Problem:
Could you write out, exactly as they stand, only the lines in the listing below from the line with "Members of the" to the line with "Designed by Danish", both ends included, without the pictures?

====

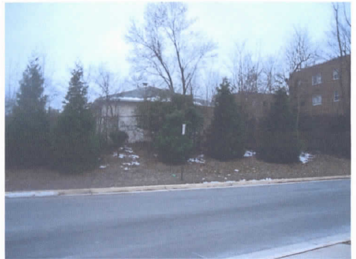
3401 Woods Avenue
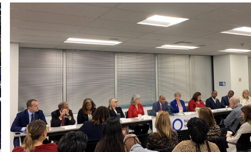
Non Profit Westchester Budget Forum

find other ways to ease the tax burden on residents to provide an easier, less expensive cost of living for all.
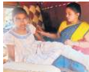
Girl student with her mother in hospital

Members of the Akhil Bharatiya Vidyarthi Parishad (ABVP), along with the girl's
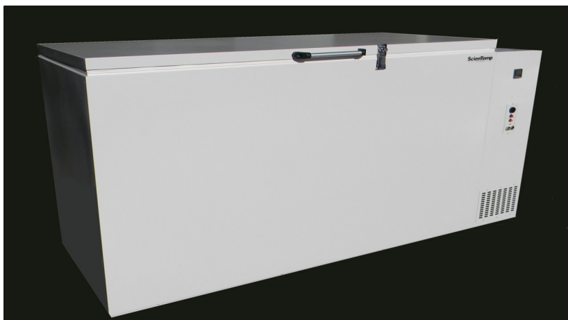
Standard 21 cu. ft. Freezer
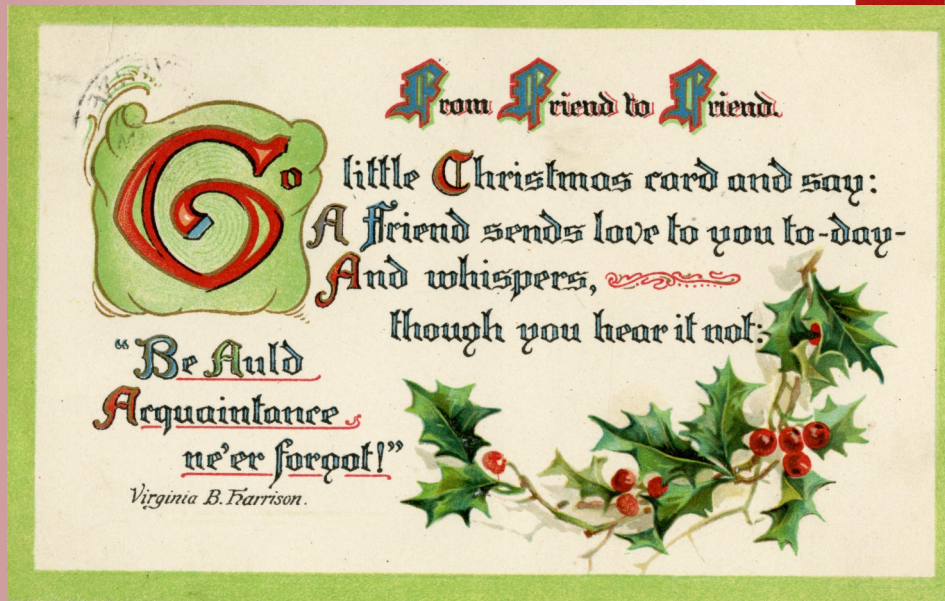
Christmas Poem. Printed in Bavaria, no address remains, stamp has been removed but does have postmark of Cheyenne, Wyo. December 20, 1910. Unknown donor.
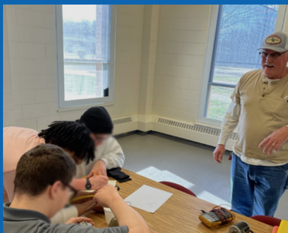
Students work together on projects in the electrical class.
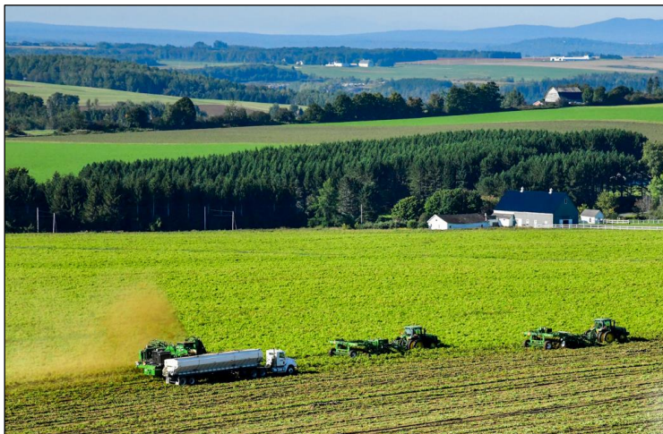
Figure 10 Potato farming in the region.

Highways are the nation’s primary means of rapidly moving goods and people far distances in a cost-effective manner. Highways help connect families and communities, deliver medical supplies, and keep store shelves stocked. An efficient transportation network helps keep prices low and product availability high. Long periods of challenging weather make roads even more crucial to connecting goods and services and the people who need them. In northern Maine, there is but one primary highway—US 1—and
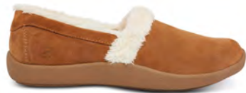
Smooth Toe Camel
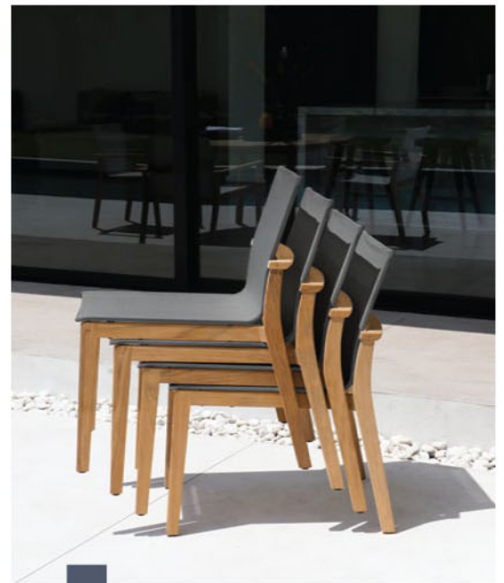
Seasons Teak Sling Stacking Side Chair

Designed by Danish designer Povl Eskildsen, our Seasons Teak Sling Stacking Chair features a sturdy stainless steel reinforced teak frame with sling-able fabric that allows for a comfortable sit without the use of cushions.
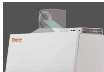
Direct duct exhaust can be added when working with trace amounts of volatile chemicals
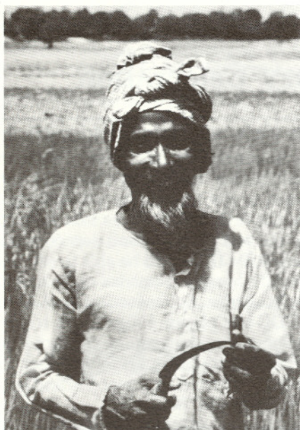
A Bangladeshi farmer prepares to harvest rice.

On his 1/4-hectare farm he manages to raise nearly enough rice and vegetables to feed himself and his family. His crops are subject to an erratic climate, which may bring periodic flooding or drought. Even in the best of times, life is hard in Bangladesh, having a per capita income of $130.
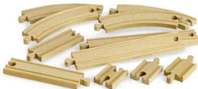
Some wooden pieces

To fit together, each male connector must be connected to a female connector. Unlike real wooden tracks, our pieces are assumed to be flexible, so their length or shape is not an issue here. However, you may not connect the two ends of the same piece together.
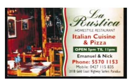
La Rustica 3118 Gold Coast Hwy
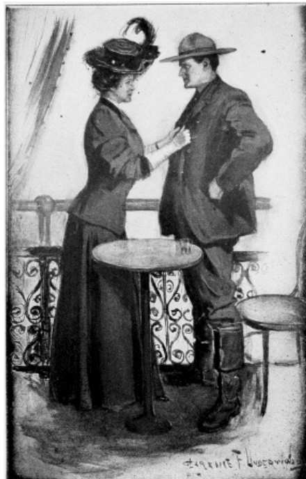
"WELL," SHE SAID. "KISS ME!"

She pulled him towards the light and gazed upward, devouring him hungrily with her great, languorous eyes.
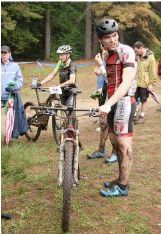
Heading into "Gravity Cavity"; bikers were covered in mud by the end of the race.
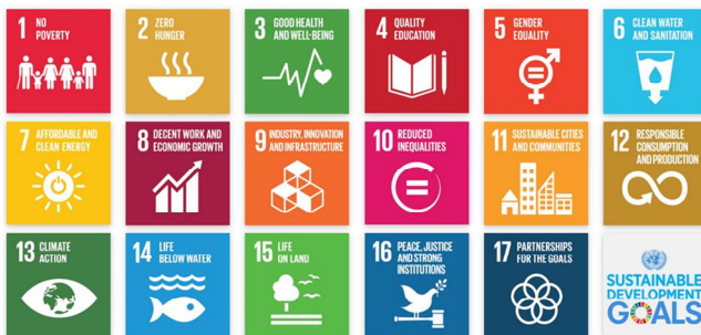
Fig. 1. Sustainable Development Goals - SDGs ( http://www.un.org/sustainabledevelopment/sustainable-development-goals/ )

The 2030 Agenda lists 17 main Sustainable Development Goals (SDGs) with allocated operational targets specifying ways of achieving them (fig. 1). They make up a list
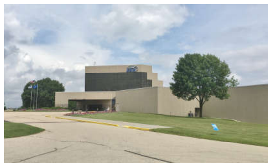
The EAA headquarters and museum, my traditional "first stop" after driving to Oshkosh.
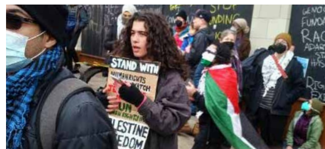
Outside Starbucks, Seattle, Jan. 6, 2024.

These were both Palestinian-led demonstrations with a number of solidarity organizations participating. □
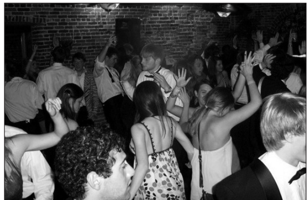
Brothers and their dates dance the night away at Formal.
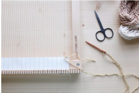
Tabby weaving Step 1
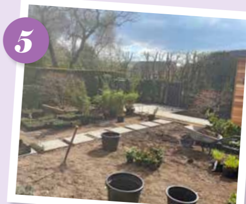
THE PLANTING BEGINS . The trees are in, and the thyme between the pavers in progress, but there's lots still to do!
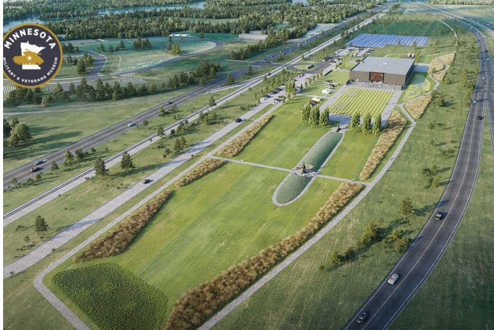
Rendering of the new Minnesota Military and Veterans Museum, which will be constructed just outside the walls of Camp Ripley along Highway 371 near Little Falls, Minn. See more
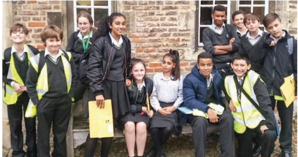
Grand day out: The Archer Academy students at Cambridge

====

Completed exercise:
Members of the Akhil Bharatiya Vidyarthi Parishad (ABVP), along with the girl's
Standard 21 cu. ft. Freezer
Christmas Poem. Printed in Bavaria, no address remains, stamp has been removed but does have postmark of Cheyenne, Wyo. December 20, 1910. Unknown donor.
Students work together on projects in the electrical class.
Figure 10 Potato farming in the region.

Highways are the nation’s primary means of rapidly moving goods and people far distances in a cost-effective manner. Highways help connect families and communities, deliver medical supplies, and keep store shelves stocked. An efficient transportation network helps keep prices low and product availability high. Long periods of challenging weather make roads even more crucial to connecting goods and services and the people who need them. In northern Maine, there is but one primary highway—US 1—and
Smooth Toe Camel
Seasons Teak Sling Stacking Side Chair

Designed by Danish designer Povl Eskildsen, our Seasons Teak Sling Stacking Chair features a sturdy stainless steel reinforced teak frame with sling-able fabric that allows for a comfortable sit without the use of cushions.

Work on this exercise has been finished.